*TASK OBJECTIVE*
Everything from the first line of the data through the line with "and professional features." is to be echoed exactly, minus the pictures.

*INFORMATION SHOWN*
——————

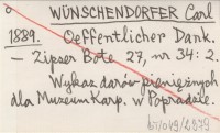 WÜNSCHENDORFER Carl 1889 Oeffentlicher Dank.
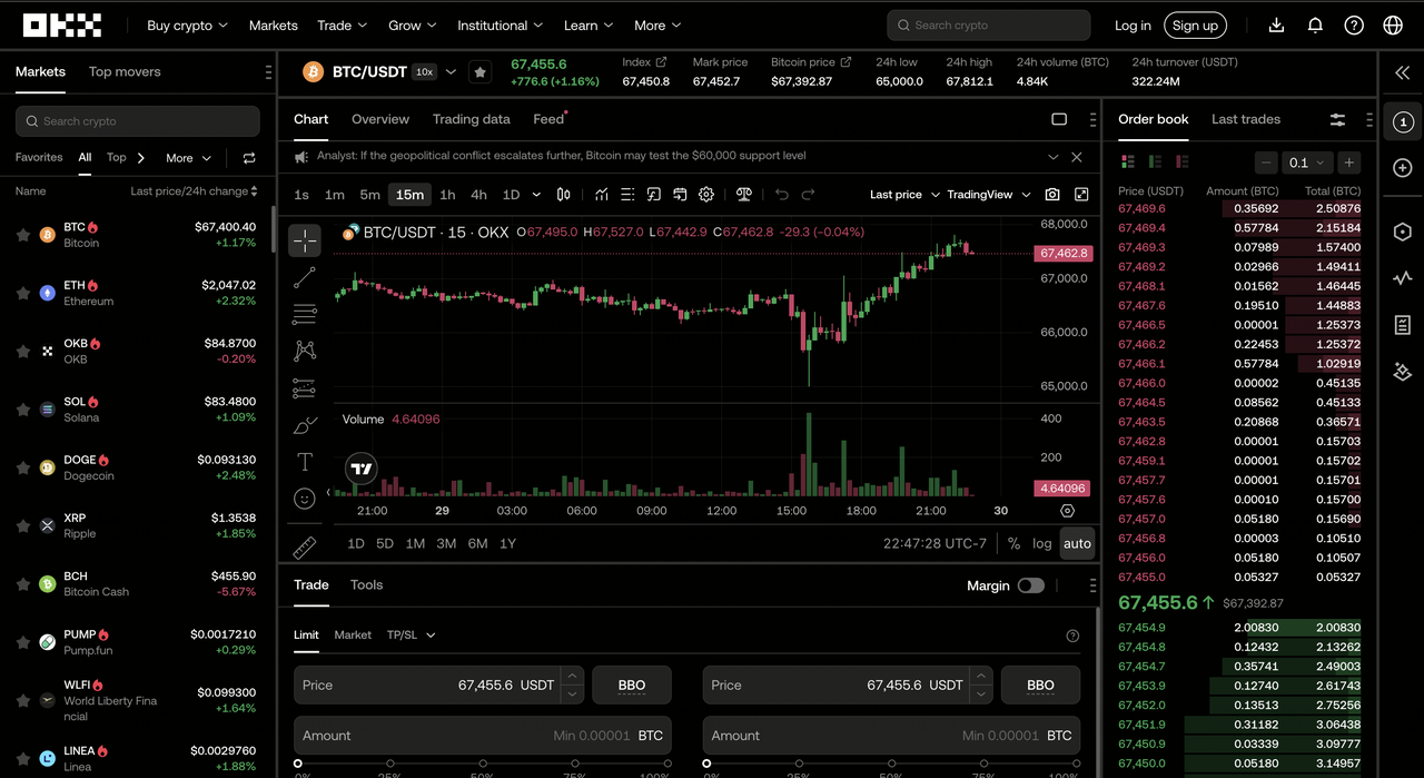 • OKX is a capable full-stack exchange known for deep liquidity, advanced trading tools, extensive derivatives offerings, and strong institutional-grade infrastructure. It appeals particularly to users who prefer high-volume execution and professional features.
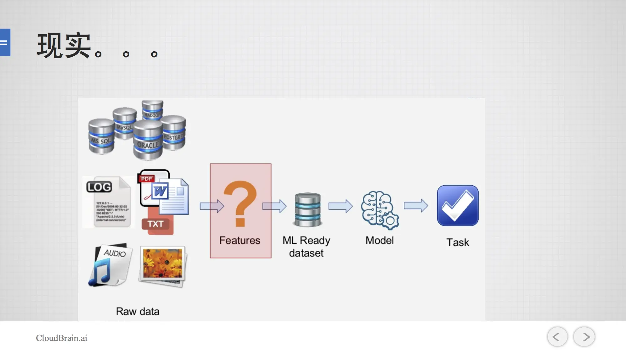 引用一下吴恩达的话:“应用机器学习其实就是在做特征工程,特征工程是非常难、耗时、也是需要专业知识的一个工作。”我们理想中机器学习的情况:有很干净的Raw data,然后变成可学习的Dataset, 通过某些算法学出某些模型,然后解决一个问题,这是最理想的一个状态。但现实中,我们会有各种各样的数据,有的从数据库来,有的从日志来,有的从半结构结构化文档来,有的从无结构的音频、图片中来。从中抽取什么特征,才能够被我们机器学习所使用,从而能学习出模型解决出问题呢?

——————

*PROBLEM SOLUTION*
 WÜNSCHENDORFER Carl 1889 Oeffentlicher Dank.
 • OKX is a capable full-stack exchange known for deep liquidity, advanced trading tools, extensive derivatives offerings, and strong institutional-grade infrastructure. It appeals particularly to users who prefer high-volume execution and professional features.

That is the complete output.